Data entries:
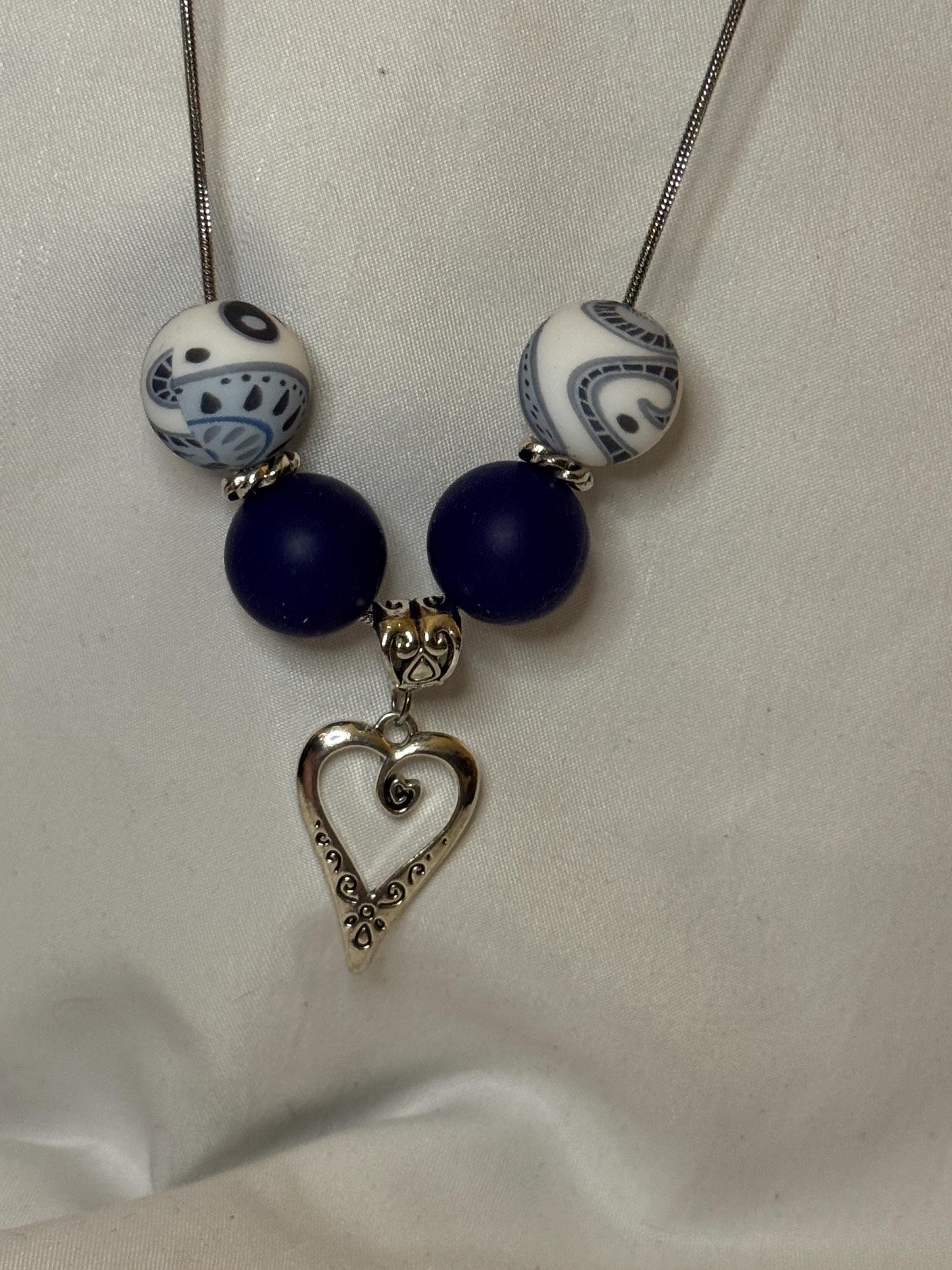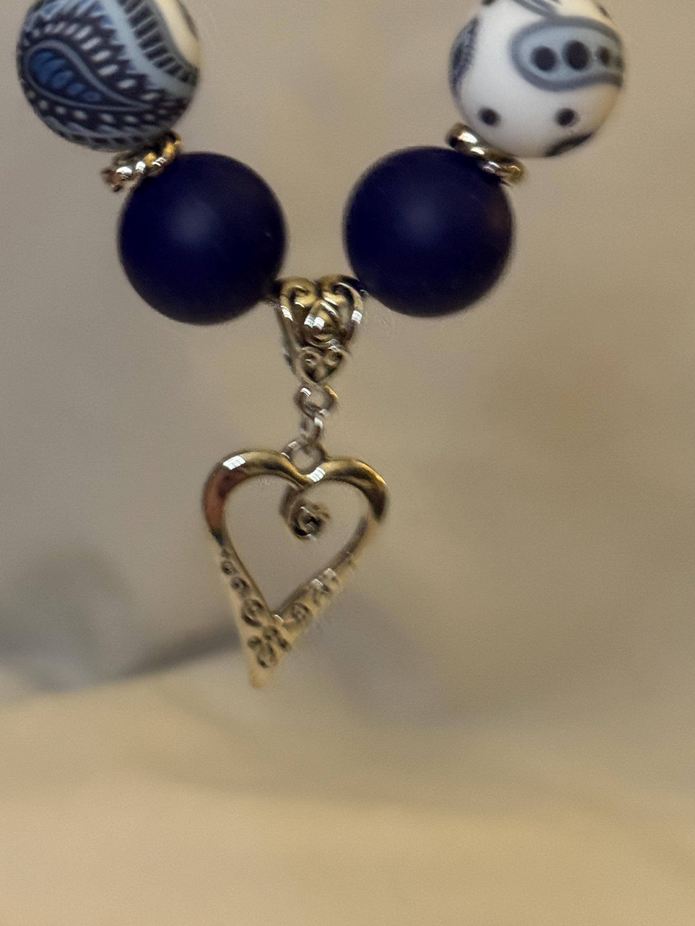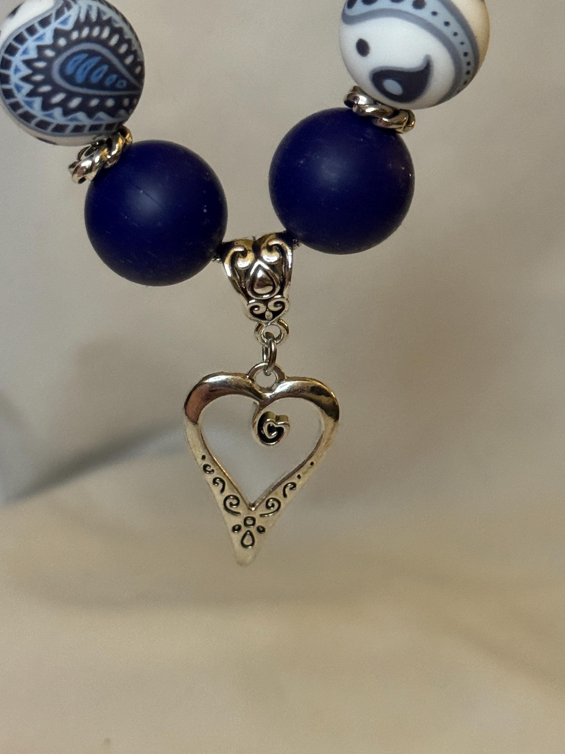 Zinc alloy chain that can be extended. Silicone blue paisley and navy blue beads. Zinc alloy spacers . Zinc alloy heart charm.
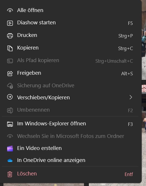 Wenn ich mehrere Fotos markiert habe und rechts Klick auf die Bilder, öffnete sich ein Fenster wo unter anderem Stand, ein Video herstellen oder so ähnlich. Das steht nicht mehr da.
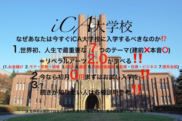 なぜあなたは今すぐiCA大学校に入学するべきか?1.世界初、人生で最重要な7つのテーマ(建前×本音○)=リベラルアーツ2.0(1,お金儲け 2,モテ・恋愛・結婚 3,SEX 4,健康 5,他者評価承認 6,起業・投資・ビジネス 7,理系全般)が学べる!2.今なら初月0円!3.?続きは↓もっと見るを!
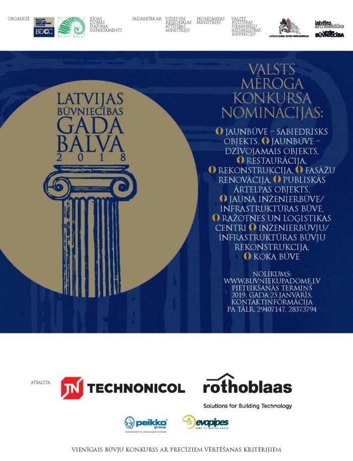 Vairāk par pieteiktajiem objektiem: https://www.buvniekupadome.lv/konkurss/konkurss-latvijas-buvniecibas-gada-balva-2018-pieteikumi/
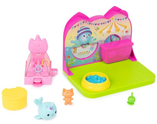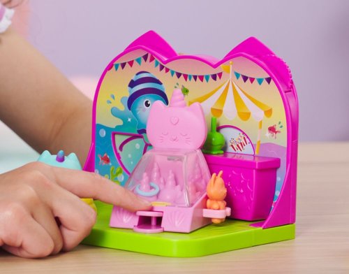 Připravte se na spoustu zábavy a zážitků s Kytočkou v soupravě Karnevalový pokoj! Tato hrací souprava obsahuje senzační karnevalový pokojíček a nábytek do kouzelného domku, který můžete použít jak na lodi Gábininých kočičích kamarádů, tak i v Gábinině perfektním domku (prodávají se zvlášť)! Obsahuje roztomiloučkou figurku Kytočky, která měří téměř 2 cm, bazén s míčky, hru na házení kočičích kroužků, dobroty a mnoho dalšího! Dejte Kytočku do bazénu s míčky, zkuste své štěstí v hodu kroužkem, vyhrajte cenu, otočte ovládacím kolečkem a vychutnejte si změnu prostředí! Potom si stejně jako Gábi na začátku každé epizody rozbalte svou speciální krabičku s překvapením a objevte další hračku – karamelové jablko. Jako poslední překvapení si naskenujte QR kód zevnitř krabičky s překvapením z Kouzelného domku a odemkněte si speciální odměnu v aplikaci Gábinin kouzelný domek (k dispozici pro iOS a Android). Pro ještě více způsobů, jak si hrát, hledejte loď Gábininých kočičích kamarádů, Gábinin perfektní kouzelný domek a tematické pokojíčky, abyste si ještě více vytvořili svět svého kouzelného domku (každý se prodává zvlášť)! Plyšáci, panenky, figurky a herní sady na motiv Gábinina kouzelného domku jsou perfektními hračkami pro dívky a chlapce, kteří rádi zapojují svou představivost k vytvoření svého vlastního světa Kouzelného domku, takže se připravte na nekončící dobrodružství s Kytočkou a jejím Karnevalovým pokojem z Gábinina kouzelného domku!
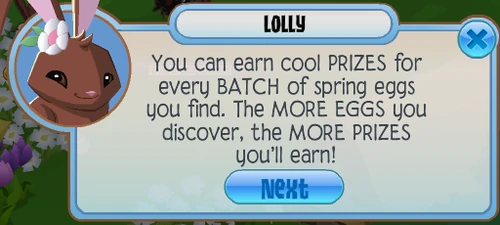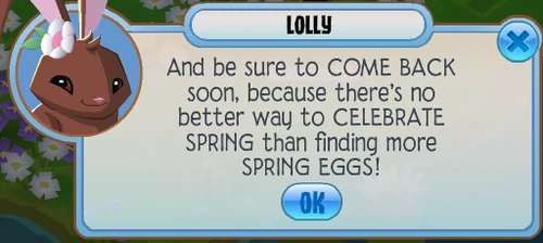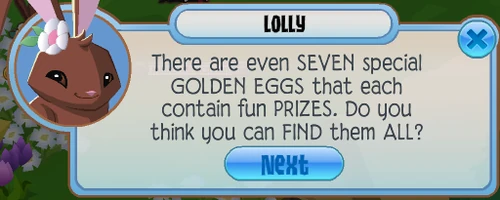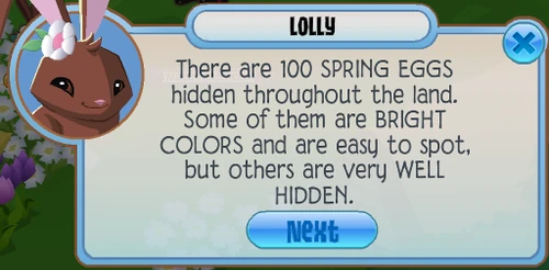 2. Lolly explains that the player's goal is to collect all of the one hundred Spring Eggs that are hidden around the adventure. She also tells the player that there are seven special Golden Eggs that offer other prizes.
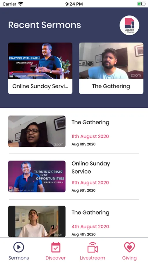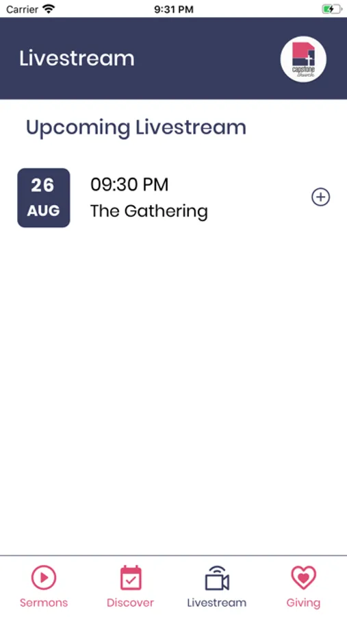 * Capstone Church app lets you keep track of all upcoming live streams and add new events to your calendar.
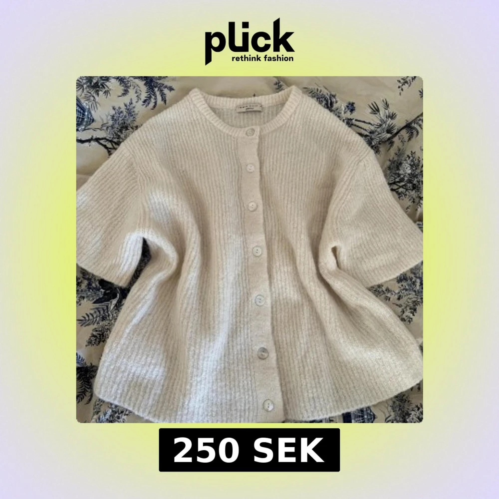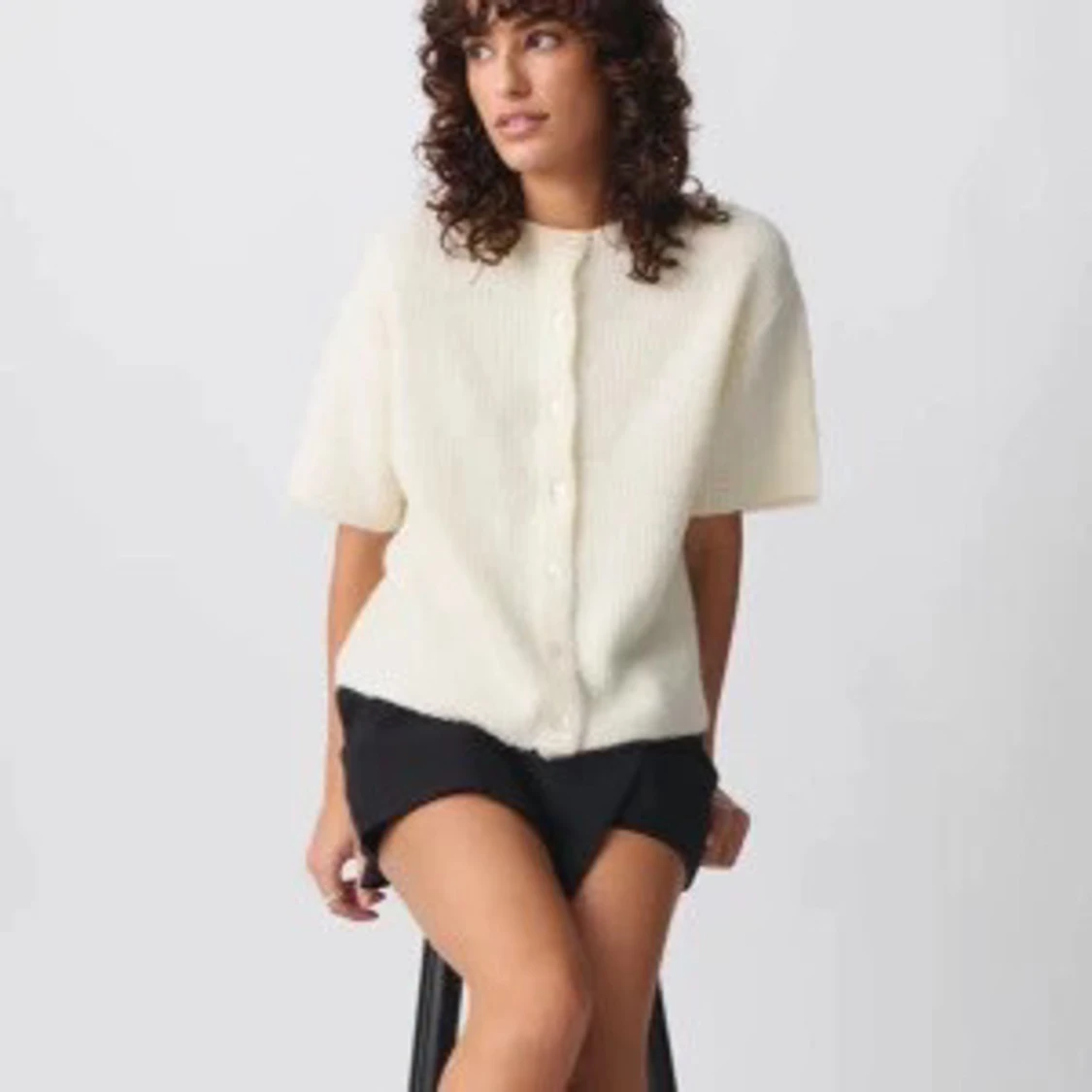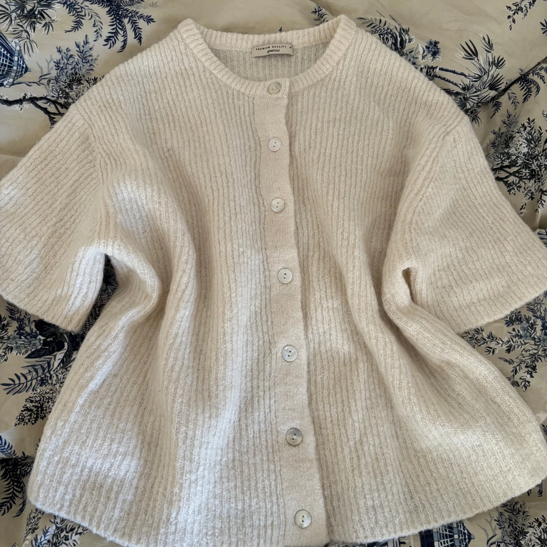 Säljer en mysig vit kortärmad kofta från Gina Tricot i storlek M. Koftan är ribbad och har korta ärmar med knappar framtill. Perfekt för en stilren och bekväm look.

» **WHAT THIS TASK INVOLVES**
The line containing "Připravte se na" marks where the copy ends; print every line before it from the start of the records, and that line too, but no pictures.

» **EXPECTED ANSWER**
 Zinc alloy chain that can be extended. Silicone blue paisley and navy blue beads. Zinc alloy spacers . Zinc alloy heart charm.
 Wenn ich mehrere Fotos markiert habe und rechts Klick auf die Bilder, öffnete sich ein Fenster wo unter anderem Stand, ein Video herstellen oder so ähnlich. Das steht nicht mehr da.
 なぜあなたは今すぐiCA大学校に入学するべきか?1.世界初、人生で最重要な7つのテーマ(建前×本音○)=リベラルアーツ2.0(1,お金儲け 2,モテ・恋愛・結婚 3,SEX 4,健康 5,他者評価承認 6,起業・投資・ビジネス 7,理系全般)が学べる!2.今なら初月0円!3.?続きは↓もっと見るを!
 Vairāk par pieteiktajiem objektiem: https://www.buvniekupadome.lv/konkurss/konkurss-latvijas-buvniecibas-gada-balva-2018-pieteikumi/
 Připravte se na spoustu zábavy a zážitků s Kytočkou v soupravě Karnevalový pokoj! Tato hrací souprava obsahuje senzační karnevalový pokojíček a nábytek do kouzelného domku, který můžete použít jak na lodi Gábininých kočičích kamarádů, tak i v Gábinině perfektním domku (prodávají se zvlášť)! Obsahuje roztomiloučkou figurku Kytočky, která měří téměř 2 cm, bazén s míčky, hru na házení kočičích kroužků, dobroty a mnoho dalšího! Dejte Kytočku do bazénu s míčky, zkuste své štěstí v hodu kroužkem, vyhrajte cenu, otočte ovládacím kolečkem a vychutnejte si změnu prostředí! Potom si stejně jako Gábi na začátku každé epizody rozbalte svou speciální krabičku s překvapením a objevte další hračku – karamelové jablko. Jako poslední překvapení si naskenujte QR kód zevnitř krabičky s překvapením z Kouzelného domku a odemkněte si speciální odměnu v aplikaci Gábinin kouzelný domek (k dispozici pro iOS a Android). Pro ještě více způsobů, jak si hrát, hledejte loď Gábininých kočičích kamarádů, Gábinin perfektní kouzelný domek a tematické pokojíčky, abyste si ještě více vytvořili svět svého kouzelného domku (každý se prodává zvlášť)! Plyšáci, panenky, figurky a herní sady na motiv Gábinina kouzelného domku jsou perfektními hračkami pro dívky a chlapce, kteří rádi zapojují svou představivost k vytvoření svého vlastního světa Kouzelného domku, takže se připravte na nekončící dobrodružství s Kytočkou a jejím Karnevalovým pokojem z Gábinina kouzelného domku!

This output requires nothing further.